I can't imagine visiting a missionary and expecting him/them to pay a penny!


----------



## Guido's Brother (Jan 14, 2009)

Scottish Lass said:


> I can't imagine visiting a missionary and expecting him/them to pay a penny!



Maybe you can't. But there are people who think along these lines:

"We support the missionary. Our money goes to pay his stipend. And we pay him a lot, so he should be able to give us some refreshments and a meal."


----------



## Pergamum (Jan 15, 2009)

I have a ministry account, but I done spent it (plus more) this month (one of my evangelists broke his arm, another has tb....it never ends).....

A formal letter would put off most visitors because it is very formal and most of my visitors I try to keep things friendly, non-formal and casual. 

They are very generous. I have decided to eat any costs and not say anything...perhaps my weak faith is acting up again... I am sure that the Lord will take care of things (I'll put off buying that Cadillac till next year)....


----------



## Wannabee (Jan 15, 2009)

No Cadillac, no mileage reimbursements. Hey, it's up to you. 

Perg, I'd recommend you at least communicate with the leader so he understands the challenge. You might even tell him that you can eat the costs if necessary, but show him what you showed us (would they have you unable to help someone with TB because they got a few free meals?). It could very well be that your silence might steal their opportunity to grow in Christ and be blessed with helping more by providing for their own expenses. But they need both the knowledge and opportunity. You know them, but you might ask yourself what path leads to greater godliness for all involved.


----------



## Pergamum (Jan 15, 2009)

Yes, I need to think this through. 

Some of these guys I know personally and they are the most sacrificial folks I know and they sacrificed a lot to get here and I know that money can sour things and can become a poison (yikes, I have seen some bad examples of that just in my young life).... So, if they cannot help out I know it is only because they are totally out because I believe that they would prioritize any help here before they prioritized their own comfort.
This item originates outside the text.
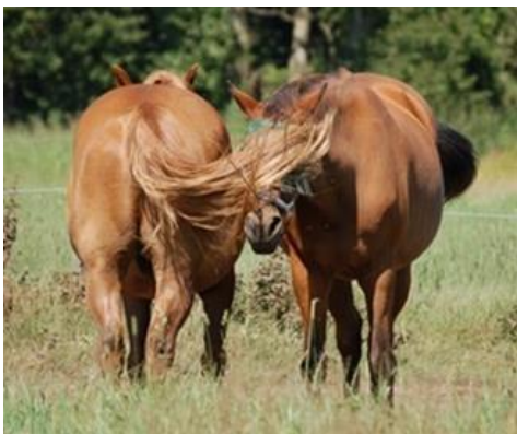
Foto 7. Dos caballos permanecen juntos para ahuyentar a los insectos de sus cabezas.

Aunque los caballos son animales sociales, tienen un espacio social que define la distancia que desean conservar a otros caballos. Esta distancia es individual y depende de la edad y del grado de reconocimiento entre ellos. Durante el aseo social, por ejemplo, la distancia es cero. También pueden verse juntos al intentar mantener alejados a los insectos. Los potros y caballos jóvenes parecen tener un espacio social muy estrecho o menos desarrollado, por lo que pueden verse tendidos todos juntos. Cuando los caballos son alojados en grupos, es importante tener en cuenta el espacio social a la hora de decidir cuánto espacio se les debe proporcionar.

They were willing to sleep anywhere but I found them a nice house.


Sometimes doctrine is so easy compared with the ackward little issues in life that help nurture or make sour relationships. I only want to nurture good things with these guys because I know at least most of them and they are Grade-A.


Plus, I just spent about 60USD on books and shipped to them to bring out (and my church bought me some more and shipped to them to hand carry to me, along with some Twizzlers for my wife) and so I will be living high on the hog this next month or two.


----------



## BJClark (Jan 15, 2009)

Pergamum;




> They were willing to sleep anywhere but I found them a nice house.




I think herein is the dilemma, they were willing to sleep anywhere, but you decided they needed more..

why do you think they needed more? because they sacrificed so much to get there? Because they sacrifice to help support you?

If I put myself in this situation..someone contacts me and says they are coming to visit..my home is not that big, but I do have a couch that opens to a bed, that they are more than welcome to sleep on..or they would be welcome to sleep on the floor in sleeping bags--and if they are willing to take me up on that offer..then wonderful..

Now, if *I* then decide I don't think the bed or sleeping on the floor is good enough for them, and decide to put them up in a local hotel/motel instead (knowing they nor I can really afford that) but *I* do it anyway..then I bite the cost..and don't say anything to them. Because I know..they would have been just as happy with whatever accommodations I provided..even if it meant sleeping on the floor..

I think that is more your situation..they were willing to stay where ever, and you wanted them to have better..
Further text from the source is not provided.